Article 75 allows Tata Sons to resolve by special resolution the transfer of any shareholder’s shares. Mistry has termed this as coercive. The Supreme Court viewed it as an exit clause. Besides, it said Article 75 had never been invoked and future action is not covered under oppression.

Also, Article 75 has existed for decades and Mistry was himself party to an amendment in the year 2000 which gave Article 75 its present form.

A person who willingly became a shareholder and thereby subscribed to the Articles of Association and who was a willing and consenting party to the amendments carried out to those Articles, cannot later on turn around and challenge those Articles. The same would tantamount to requesting the Court to rewrite a contract to which he became a party with eyes wide open.
Supreme Court of India

Pre-Consultation With Tata Trusts

The court opined that given the charitable objectives of the Tata Trusts, their nominee directors on board Tata Sons are not like any other ordinary directors. It also questioned whether the need for having independent directors on the board itself was an acknowledgment that not every director could be expected to exercise completely independent judgment irrespective of who nominated them.

A nominee director of the Trusts holds a fiduciary duty towards their beneficiaries.

We do not also know whether the prescription in Section 149(4) is a tacit acknowledgment that all the directors appointed in a general meeting under Section 152(2) may not be independent in practice, though they may be required to be so in theory.
Supreme Court of India

Frequent Changes In Mistry’s Case

The top court also detailed the shifting arguments of the Mistry side through the five-year long litigation on seeking certain reliefs. The plea for reinstatement of Mistry was later amended to seek proportionate representation on the board. While challenging the affirmative voting rights of the Tata Trusts’ nominee directors on Tata Sons’ board, Mistry’s case sought the same rights for his SP Group.

The court termed the request for the same rights as “quite funny”.

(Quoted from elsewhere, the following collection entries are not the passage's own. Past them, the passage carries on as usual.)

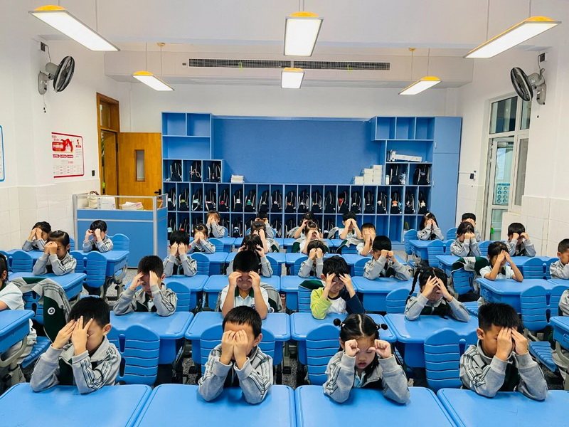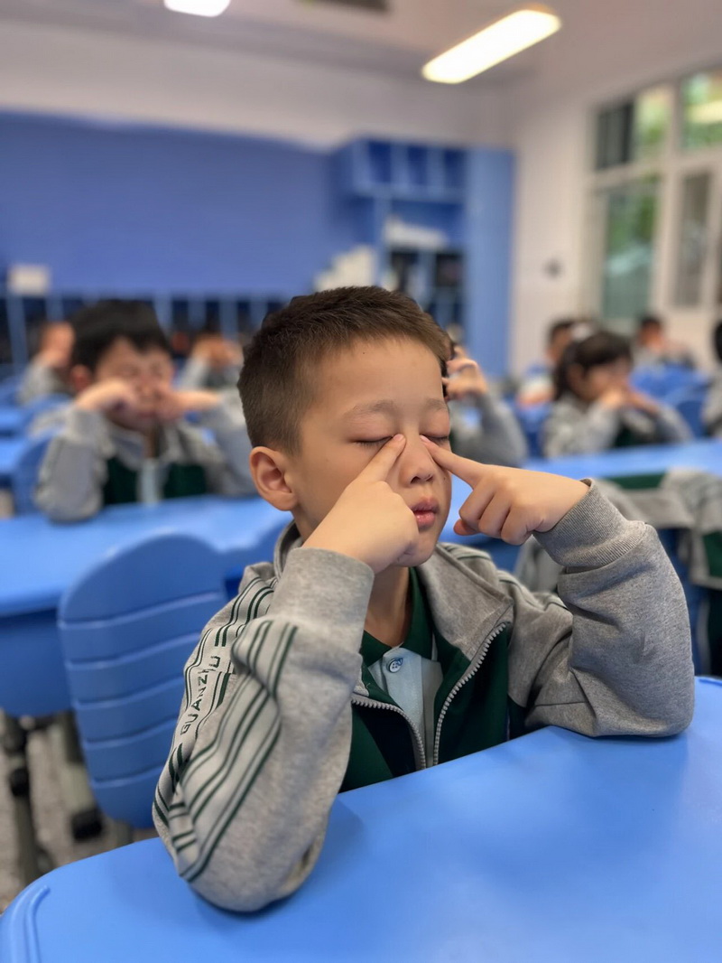 课间时分,师生伴着音乐认真做眼保健操,按揉穴位呵护双眼。During breaks, teachers and students perform eye exercises to music, massaging acupoints to protect their eyes.
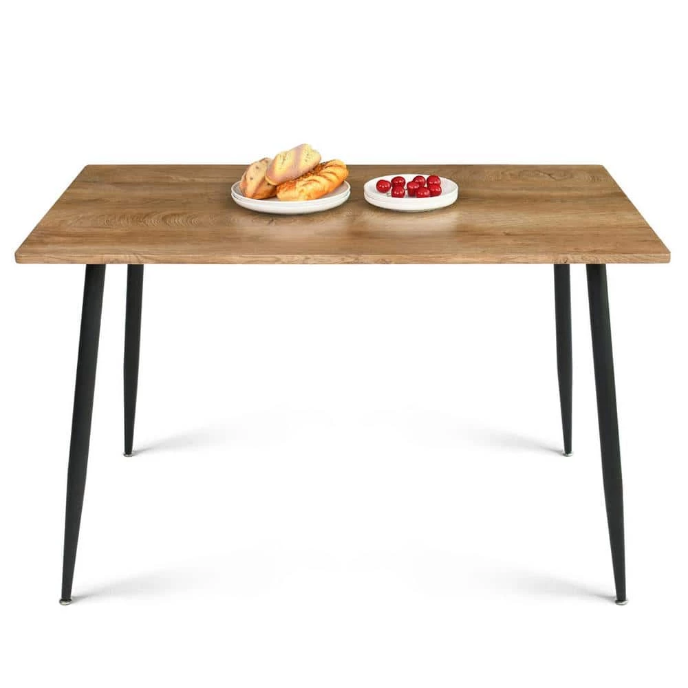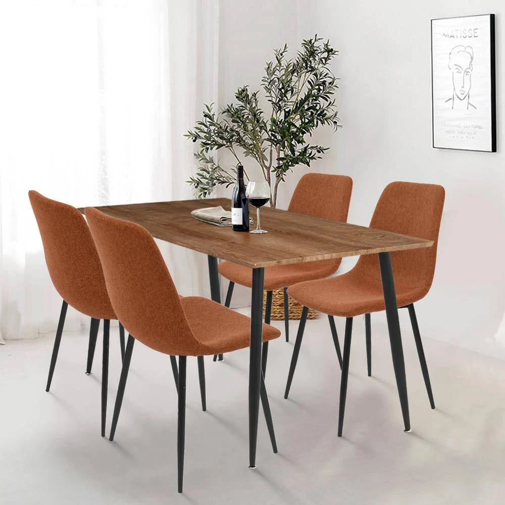 With its sleek lines and warm hues, this 5-piece dining set anchors your kitchen or dining room in mid-century modern-inspired style. It includes four chairs and a rectangular table, all perched on slender tapered legs with a black finish. The tabletop is made from kiln-dried engineered wood with natural grain variation; we love that it has rounded corners to protect you from bumps. The dining chairs are upholstered in polyester blend fabric and have armless scoop-backed silhouettes in the style of shell chairs. Plus, this set has a compact footprint that makes it an ideal pick for smaller spaces.
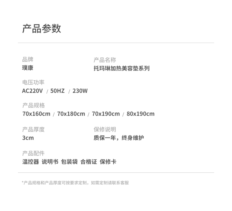 托玛琳加热床垫系列 pkcd-tml602
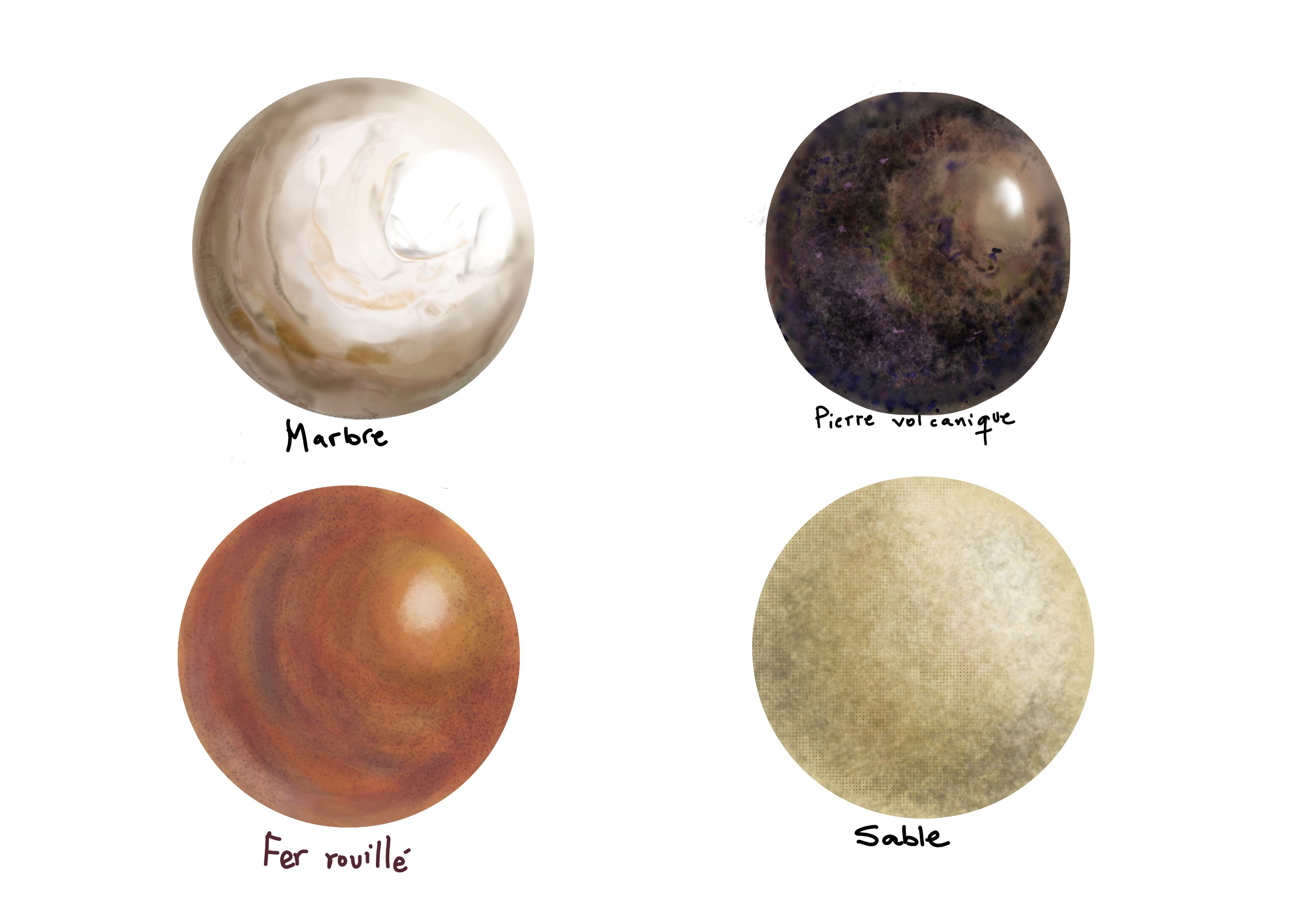 Bonsoir, voici mon travail sur le rendu des matériaux. j'ai eu en tête un marbre blanc et une pierre volcanique rouge. Quand à mon quatrième choix j'ai pensé a de l'herbe...
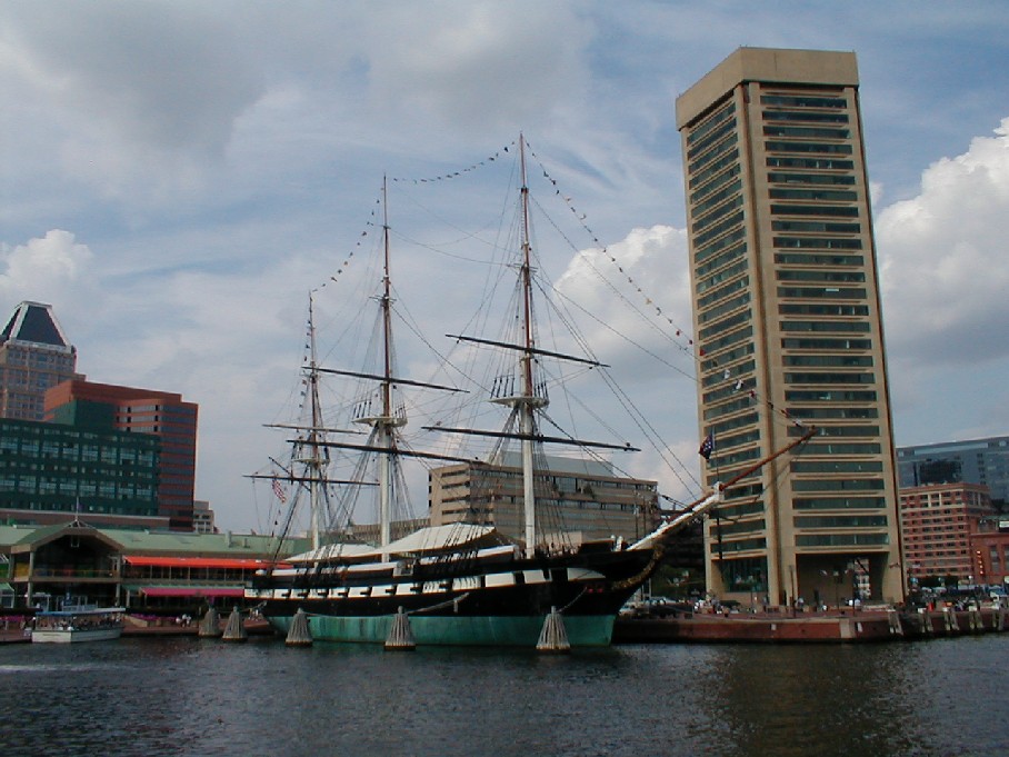 The CONSTELLATION was listed on the National Register of Historic Places in 1975. At that time, it was thought that the ship was the 1797 U.S. FRIGATE CONSTELLATION which was launched in Baltimore, and nicknamed the "Yankee Racehorse" because of her speed. Involved in the undeclared "Quasi War" with France, participating in the campaigns against the Barbary states and Caribbean Pirates, and helping to defend Norfolk from capture by the British during the War of 1812, the frigate was considered worth of listing on the National Register. However, subsequent research determined that the 1797 frigate was decommissioned and dismantled at the Gosport Navy Yard in Portsmouth, Virginia in 1853. That same year, the keel was laid for a new vessel, a sloop of war, at the same Navy Yard. Following Naval tradition, the new ship was named for the recently dismantled one, and the new CONSTELLATION was launched on August 26, 1854. CONSTELLATION was very large for a sloop-of-war, being closer in size to a second class frigate. This enabled the ship to carry a heavier battery of guns than conventional sloops. She was commissioned on July 28, 1855, and began a career which included serving with the Mediterranean Squadron from 1855-1858, capturing three slave ships while the Flagship of the African Squadron from 1859-1861, serving in the Civil War from 1862-1866, and acting as a receiving ship and later a practice ship for the Navy. The ship carried relief supplies to famine victims in Ireland in 1880, and carried works of art from Europe to the Columbian Exposition in Chicago in 1892. She was under sail for the last time in 1893, at the U.S. Naval Academy in Annapolis, Maryland, before being moored at the U.S. Naval Training Center in Newport, Rhode Island, to serve as a stationary training vessel. In 1904 the ship was dry-docked at the New York Navy Yard for extensive survey and repair. By this time, it was generally believed that the ship was the 1797 Frigate, and in 1914 she was ordered restored "as she appeared in 1814" by acting Navy Secretary Franklin D. Roosevelt. To minimize costs, however, these alterations were limited to "such general details as would be noticed by the layman." The 1880s-era bridge platform and 1890s deck housing were removed, and she was displayed in Baltimore and Washington during the fall and winter of 1914 before returning to training duty in Newport. In 1933, she was decommissioned and placed in "Ordinary," essentially being mothballed, until 1955, serving briefly as the Relief Flagship of the U.S. Atlantic Fleet and Battleship Squadron 5 from 1941-1945. In 1955, the City of Baltimore acquired the ship and had it "restored" to its supposed Frigate appearance, making several alterations. The ship served as a tourist attraction in the Baltimore Inner Harbor until the 1990s, when it was drydocked for emergency repairs. The keel was severely "hogged" and much of the wood was rotten. Four years of restoration work has returned the CONSTELLATION to a close approximation of its Civil War appearance. This was the largest non-Naval wooden ship restoration ever undertaken in the United States, costing $7.5 million. Through interpretive and hands-on tours, the CONSTELLATION continues to serve the public.
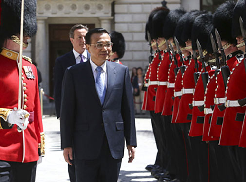 2014年6月,李克強總理正式訪英并舉行中英總理年度會晤,會見了伊麗莎白二世女王,同卡梅倫首相舉行會談,雙方發表《中華人民共和國政府和大不列顛及北愛爾蘭聯合王國政府聯合聲明》。
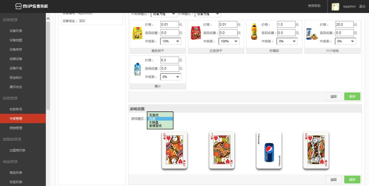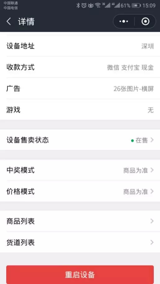 【設(shè)備詳情】板塊可以查看設(shè)備的所在地址、支持的收款方式、屏幕播放的廣告情況以及游戲情況,還可以查看設(shè)備的售賣狀態(tài),中獎模式和價格模式。

The frequent change of position that SP Group has taken and the relief that they now seek, raises a doubt whether it is actually a fight on principles. If affirmative voting rights are bad in principle, we do not know how they may become good, if conferred on SP Group also.
Supreme Court of India

In all, the apex court found no instance to support the oppression case and overturned all of NCLAT’s findings and reliefs.